煤与生物质共气化可实现煤及生物质资源的清洁高效利用，但碱金属挥发带来的腐蚀问题和气相焦油冷凝带来的管道堵塞问题严重制约共气化技术的开发和应用。为此，本项目拟将共气化过程中碱金属捕集与焦油原位催化重整结合，以具有高效碱金属吸附性能的氧化铝为载体，制备镍基催化剂，改善其原位催化焦油重整反应性能，同步实现碱金属捕集及焦油催化重整转化。利用可视化固定床-激光诱导击穿光谱联用技术研究过程参数对碱金属释放及焦油产率的影响规律。通过在反应器内加装隔板内构件实现碱金属挥发与原位焦油形成过程的分隔和组合，结合催化剂吸附碱金属的特性、原位催化焦油转化性能及其结构特征分析，阐明碱金属捕集与焦油原位催化重整过程的相互作用机制。通过系统研究共气化过程中催化剂结构组成变化、吸附与催化性能，揭示催化剂同步吸附碱金属及催化焦油转化机制。本项目的研究对高品质合成气生产及煤与生物质共气化发展瓶颈问题的解决有重要指导意义。

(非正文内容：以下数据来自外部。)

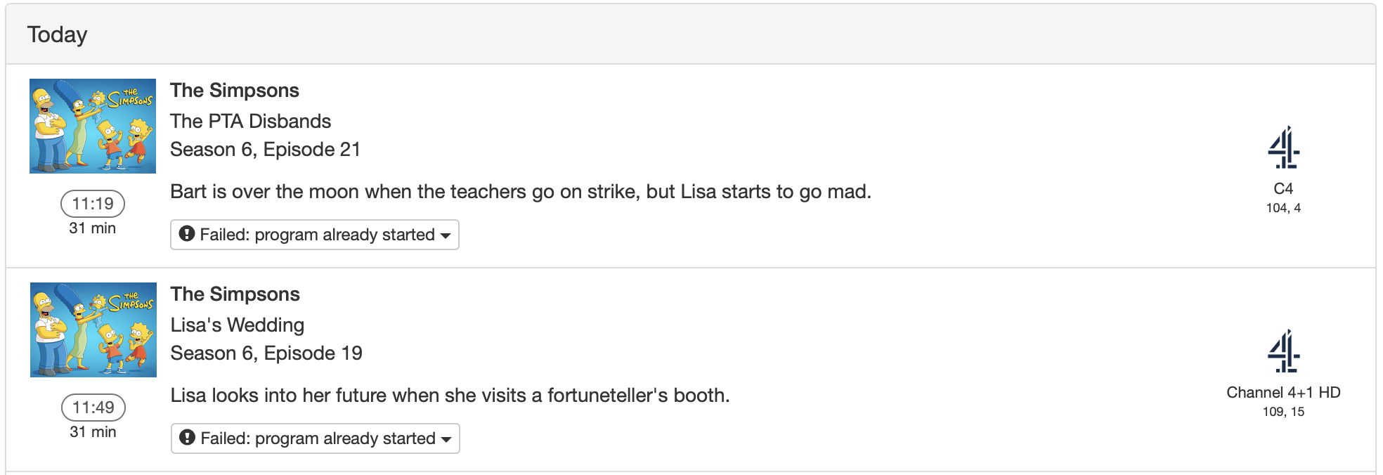 With season pass recordings in particular, I keep getting these errors. It says that the program started before the recording started even though I had a buffer set so that recording started 1 minute before the program is due to start. Screen shot below

Co-gasification of coal and biomass is an important technology to realize the clean and efficiency utilization of coal and biomass. However, the corrosion of pipeline caused by release of alkali and the pipe blockage caused by condensation of tar seriously limit the further development and industrialization of co-gasification technology. Therefore, in this project, we propose a process to combine capture of alkali salts and in-situ catalytic reforming of tar, and improve the catalytic performance of catalyst by enhancing the interaction between supporter and alkali vapor, realizing the efficient adsorption of alkali vapor and conversion of tar together. The effect of process parameters on co-gasification will be investigated using a system combing the visual fixed bed reactor and laser induced breakdown spectroscopy to obtain the basic role of alkali volatilization and tar yield. A baffled reactor will be designed to isolate or combine the release of alkali and formation of in-situ tar, and the interaction effect between the adsorption process of alkali and in-situ catalytic reforming reaction of tar well be revealed by analyzing the alkali adsorption characteristic, catalytic performance and structure properties of catalyst. Finally, the structure properties and adsorption/catalytic performance of the catalyst during catalytic co-gasification of biomass and coal will be studied to reveal the mechanism on synchronous alkali salts removal and in-situ tar catalytic reforming of catalyst.